照所知,多倫多即安大略省政府福利比卑詩好很多,法語省魁北克更好(不過個人入息稅最高百分五十七!!!)

最後,要說明,如是上述荀工,政府的GIS"綜援"會一筆勾消,即只能取OAS及CPP而已!

有興趣的去 Canada Service 網看一下,清楚齊備,如有包拗頸的,請勿拍我磚,加拿大各省各例,但全民退保是全聯邦的,錯不了那裡,如果閣下或你的親屬取得更好,恭喜你,咱不會眼紅,只會撞頭埋墻,自己怨自自低能而已!

閒中無事,又無眼睇佔中,但係家鄉有些人老是說加國福利如天堂,可惜老鬼身在福中不知福,唔多覺噃!因此摷的資料出嚟大家睇下!

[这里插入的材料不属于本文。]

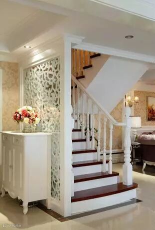 柜架式玄关就是半柜半架的组合,在柜架上设玻璃或者木质的格架作为装饰架,下部为柜体;或者以左右对称的形式设柜件,中部通透分明的形式;或以不规则形式,以镜面、挑空和贯通等多种形式进行综合设计,达到实用与美观的目的。

再強調,這裡"卑詩省",每發工資除了扣9.9公資作為全民退保,還要付醫保,薪俸稅,利得稅,汽車及電費碳稅(安省多市沒有的),消費還要付12%消售稅!

家鄉人願意嗎?騎騎! 

最後,最後,不要相信我,去官方網站 Canada Service 自己溜溜,相信自己的眼睛,相信民主國家模範"加拿大"政府!!!

還有,還有,如果你怕怕北風,也討厭五毛,左膠,也極憎惡"思歪",順便看看 Canada Service ,加拿大歡迎你及你的家人,,,,移民!!!不用找顧問!!!